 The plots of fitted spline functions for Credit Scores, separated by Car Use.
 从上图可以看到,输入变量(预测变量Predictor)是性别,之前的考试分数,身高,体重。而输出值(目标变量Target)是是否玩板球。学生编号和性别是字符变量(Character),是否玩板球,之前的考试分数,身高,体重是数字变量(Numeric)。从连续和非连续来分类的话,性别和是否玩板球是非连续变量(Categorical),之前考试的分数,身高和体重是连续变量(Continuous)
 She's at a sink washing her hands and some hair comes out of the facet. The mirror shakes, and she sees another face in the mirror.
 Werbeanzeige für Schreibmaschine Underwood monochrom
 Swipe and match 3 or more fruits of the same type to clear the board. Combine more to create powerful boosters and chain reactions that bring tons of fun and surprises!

...

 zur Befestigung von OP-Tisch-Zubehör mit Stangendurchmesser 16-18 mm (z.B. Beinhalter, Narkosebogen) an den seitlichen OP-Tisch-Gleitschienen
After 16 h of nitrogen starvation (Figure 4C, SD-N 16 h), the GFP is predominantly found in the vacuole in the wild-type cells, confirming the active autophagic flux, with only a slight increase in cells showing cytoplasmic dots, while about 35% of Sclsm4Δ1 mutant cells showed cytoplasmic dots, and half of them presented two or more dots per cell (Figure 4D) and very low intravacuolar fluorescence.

* * *

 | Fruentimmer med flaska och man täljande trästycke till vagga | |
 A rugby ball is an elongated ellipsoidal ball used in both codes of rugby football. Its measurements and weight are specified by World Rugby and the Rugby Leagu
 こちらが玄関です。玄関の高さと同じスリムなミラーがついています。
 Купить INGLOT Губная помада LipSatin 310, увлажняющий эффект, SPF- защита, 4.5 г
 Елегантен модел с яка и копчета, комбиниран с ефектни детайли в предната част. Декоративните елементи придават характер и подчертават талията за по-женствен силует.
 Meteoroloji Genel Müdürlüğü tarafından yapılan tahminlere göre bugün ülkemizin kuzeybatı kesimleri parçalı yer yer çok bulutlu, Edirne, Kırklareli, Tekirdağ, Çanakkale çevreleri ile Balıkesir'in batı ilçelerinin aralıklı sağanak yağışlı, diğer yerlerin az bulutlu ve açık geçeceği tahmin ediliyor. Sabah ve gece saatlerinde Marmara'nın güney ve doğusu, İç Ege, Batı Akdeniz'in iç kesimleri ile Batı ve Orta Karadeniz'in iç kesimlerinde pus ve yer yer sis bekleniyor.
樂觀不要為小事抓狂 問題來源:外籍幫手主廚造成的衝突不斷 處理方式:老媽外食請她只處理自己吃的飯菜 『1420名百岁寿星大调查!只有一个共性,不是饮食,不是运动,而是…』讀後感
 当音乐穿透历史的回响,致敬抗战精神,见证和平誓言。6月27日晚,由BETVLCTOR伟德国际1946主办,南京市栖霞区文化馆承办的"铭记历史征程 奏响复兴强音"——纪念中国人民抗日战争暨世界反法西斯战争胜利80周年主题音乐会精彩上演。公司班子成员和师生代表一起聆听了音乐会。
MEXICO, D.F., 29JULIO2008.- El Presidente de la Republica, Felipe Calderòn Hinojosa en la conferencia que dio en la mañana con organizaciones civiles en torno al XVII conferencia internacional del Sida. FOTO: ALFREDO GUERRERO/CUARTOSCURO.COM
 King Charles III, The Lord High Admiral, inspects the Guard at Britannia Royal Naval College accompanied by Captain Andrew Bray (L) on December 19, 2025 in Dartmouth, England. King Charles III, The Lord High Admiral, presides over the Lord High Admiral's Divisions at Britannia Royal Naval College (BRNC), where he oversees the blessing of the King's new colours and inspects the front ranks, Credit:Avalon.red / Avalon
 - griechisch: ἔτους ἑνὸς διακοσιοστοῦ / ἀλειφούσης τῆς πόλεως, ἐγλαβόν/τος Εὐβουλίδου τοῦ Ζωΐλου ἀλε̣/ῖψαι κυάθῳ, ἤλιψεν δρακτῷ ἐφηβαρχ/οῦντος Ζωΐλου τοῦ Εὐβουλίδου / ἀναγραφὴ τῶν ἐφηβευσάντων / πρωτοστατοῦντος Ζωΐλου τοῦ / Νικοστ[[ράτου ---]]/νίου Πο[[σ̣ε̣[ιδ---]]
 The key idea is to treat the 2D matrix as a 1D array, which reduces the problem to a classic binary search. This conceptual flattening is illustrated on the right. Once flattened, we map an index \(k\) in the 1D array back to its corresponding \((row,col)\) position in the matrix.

_Task instructions_. Check each line of the data above for the string "type" and report only how many lines have it.

_Exercise result_. 2